A sample is a subset drawn from a larger population for the purpose of studying its properties. In statistics the sample substitutes for the whole population when a complete count is impractical or impossible. A well chosen sample permits estimates of population quantities, or parameters, and allows assessment of uncertainty around those estimates. The concept is central to experimental design, surveys, environmental monitoring and laboratory measurement.

Notation and basic characteristics

When treated as a dataset, a sample is commonly represented by random variables such as X or Y, and by their observed values x1, x2, …, xn. The letter n denotes the sample size, the number of observations. Important descriptors include the sample mean, variance and other summary statistics which estimate corresponding population quantities. Practical samples vary in scale, from a handful of repeated measurements in a laboratory to tens of thousands of survey responses collected by national census bureaus.

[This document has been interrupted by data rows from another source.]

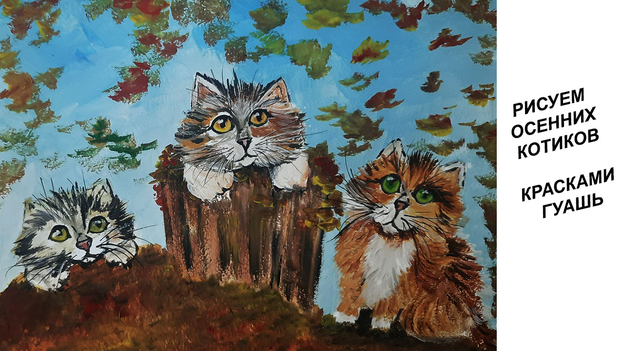 Как нарисовать осенних котиков. Нарисуем котов гуашью. Кошки красками.
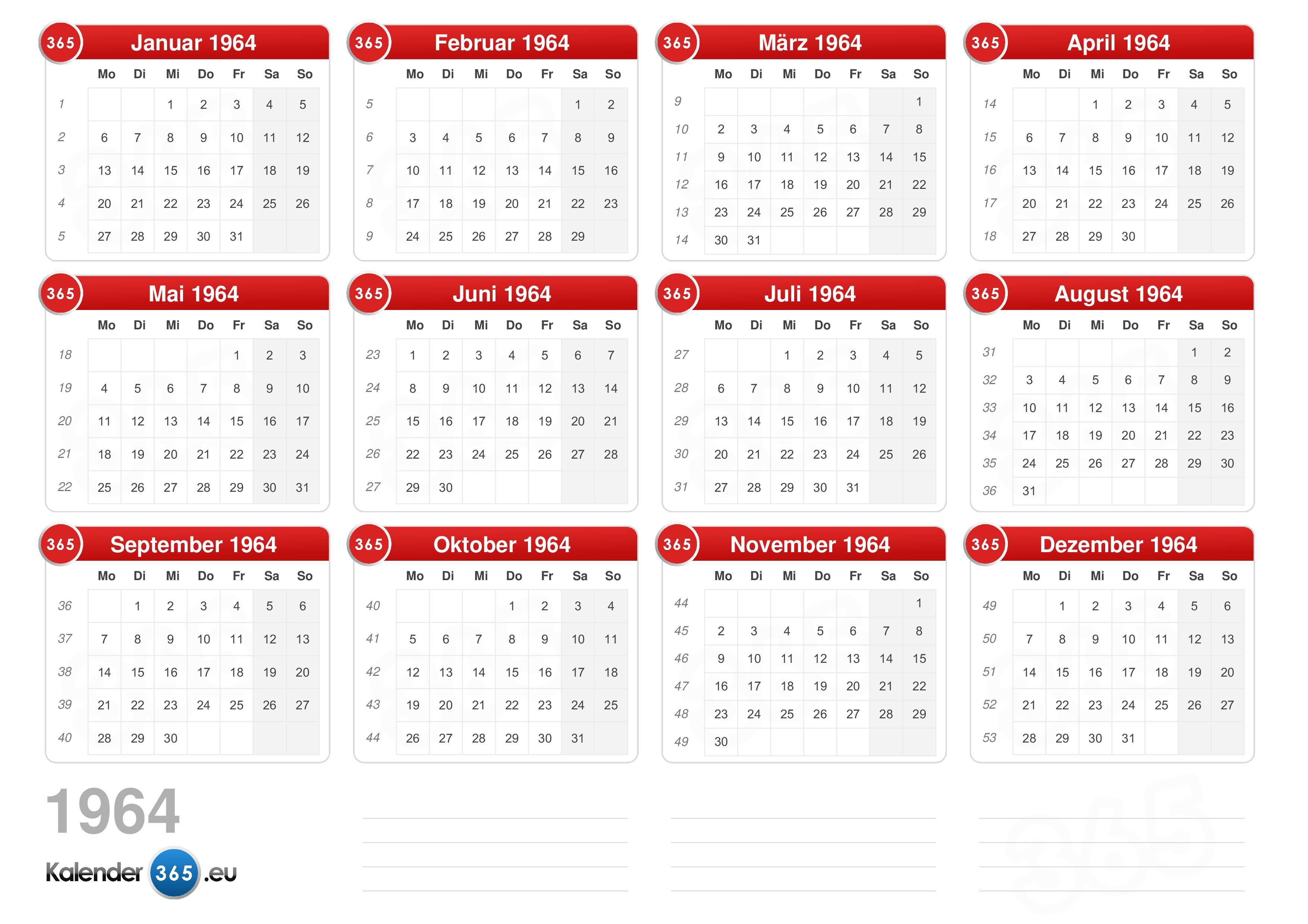 Kalender für 1964 als PDF/JPG-Vorlagen in 3 Varianten zum Download und Ausdrucken (kostenlos).Die verfügbaren Dateiformate sind PDF (Adobe Reader PDF) und JPG (Bild).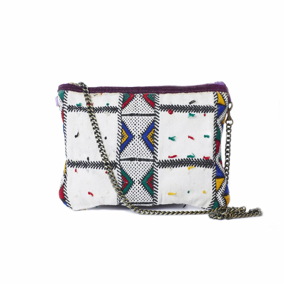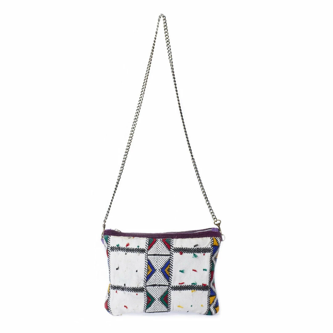 Kilim Bag shown here in white. Features traditional moroccan kilim, shoulder chain strap and zipper closure. Cross-body chain length.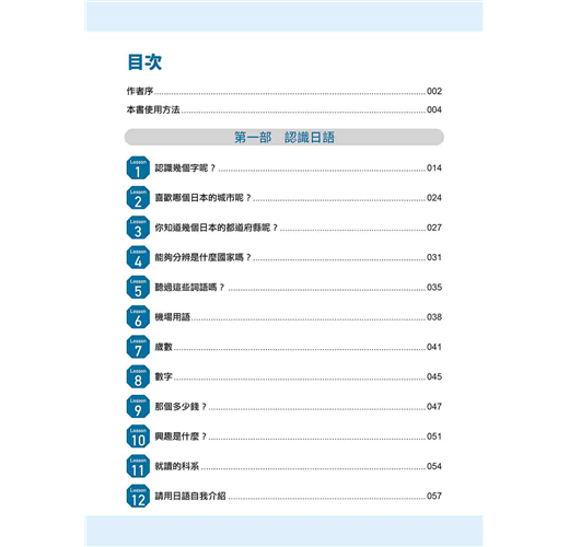 本書分為兩大部分,第一部為「認識日語」,針對完全沒有學習過日語的學習者編寫,從認識五十音的平假名、片假名開始,結合圖片的輔助以及認識日本的都市名稱,學習五十音不再枯燥無味。接著進入學習「機場用語」、「數字」、「興趣」等等,能順暢自如地開口用日語自我介紹,就是與日本人溝通無礙的第一步!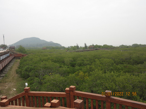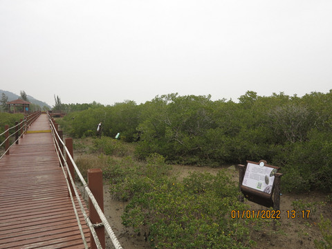 离开这里,不远就是红树林国家湿地公园。公园以亚热带红树林湿地为风景特征、以生态保护为主、以观光休闲和科普教育为辅的多功能生态公园,是海陵岛“新八景”之一,公园内有全省首条最长建在海上的跨海木栈道,全长1公里多,走上栈道与老鼠山遥望相映。
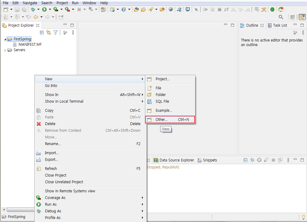 #4에서 만든 프로젝트가 자동으로 잘 생성이 되지 않았다면 수동으로 만들어야 합니다.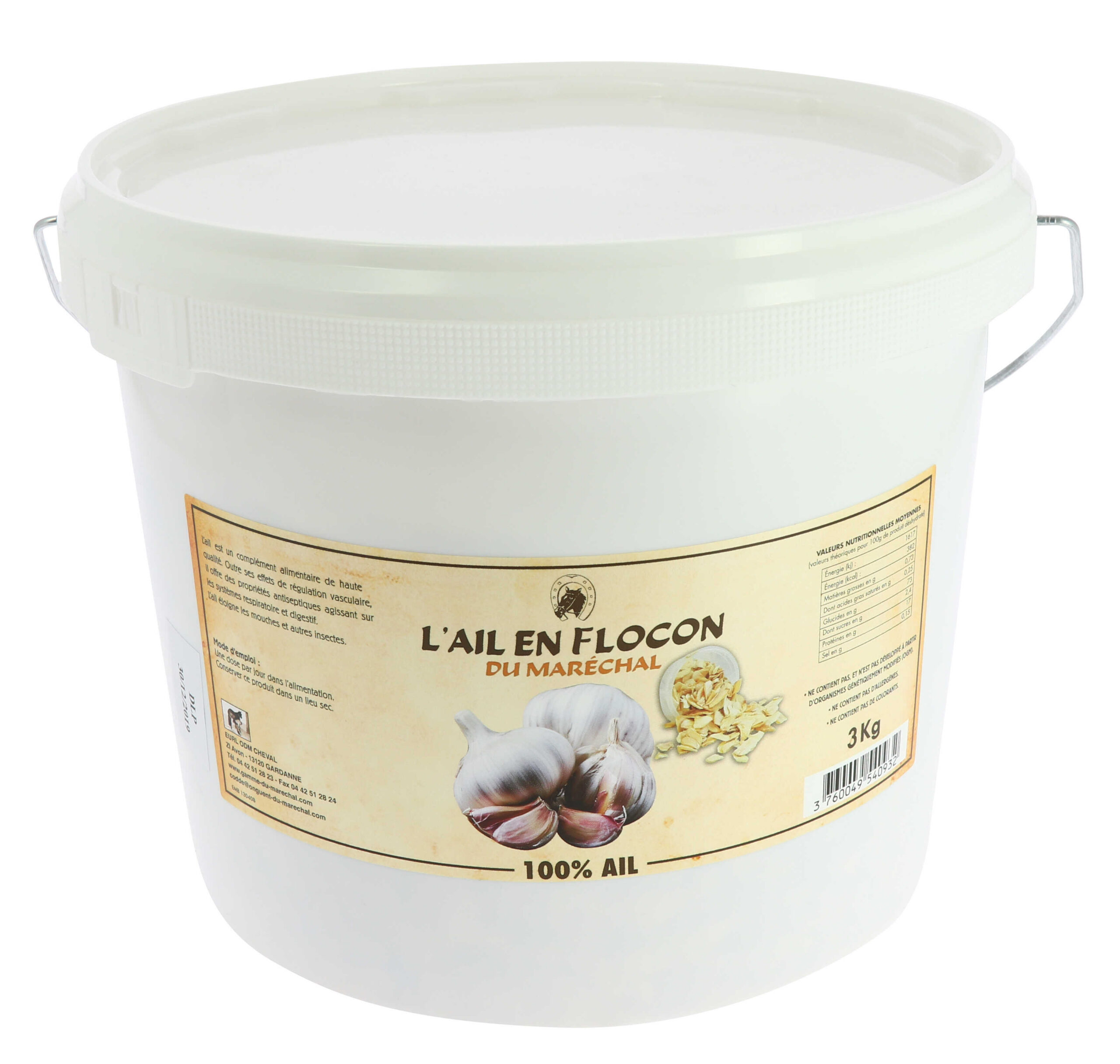 Dehydrated garlic flakes, carbohydrates: 20%, protein: 5%, fat: 1%.

How samples are chosen and common designs

Sampling is the process of selecting units from the population. A primary goal is to obtain a sample that is representative and as free of bias as possible. Typical probability-based designs include simple random sampling, stratified sampling, cluster sampling and systematic sampling. Probability methods ensure that every unit in the population has a known chance of selection, which enables valid inference based on probability theory. Non-probability methods, such as convenience sampling, are easier to implement but are more vulnerable to bias and limited generalizability. In practice, many field procedures are rules or protocols that must be followed exactly to make the selection reproducible: a written sequence of rules defines how to proceed.

Sources of error and bias

No sample is perfect. Errors may arise from imperfect sampling frames, non-response, measurement variations, or interviewer effects. Even in carefully planned random samples, systematic differences between selected and non-selected units can remain. For example, polls that rely on telephone contact can miss citizens who do not answer calls, so results may deviate from the true outcome on election day—the challenge of predicting an election illustrates this vividly. Statisticians quantify and, when possible, adjust for bias; they also provide measures of uncertainty such as standard errors and confidence intervals so users understand the precision of sample-based estimates. When neutrality is unattainable, practitioners try to measure and report the magnitude and direction of expected deviations from a fully neutral design.

Applications and examples

Samples are used across scientific disciplines and applied settings. Environmental scientists collect water samples to assess pollution levels in a lake or estuary; where the water was taken can change results and conclusions. In laboratory contexts repeated measurements of a physical constant, like the speed of light, are treated as a sample of observations subject to instrument and procedural variability. Quality control programs draw samples of manufactured items to infer the proportion defective. Social researchers interview a sample of residents to estimate public attitudes, then use statistical analysis of the collected data to generalize to a larger group. Each application highlights the trade-off between cost, feasibility and the acceptable level of uncertainty.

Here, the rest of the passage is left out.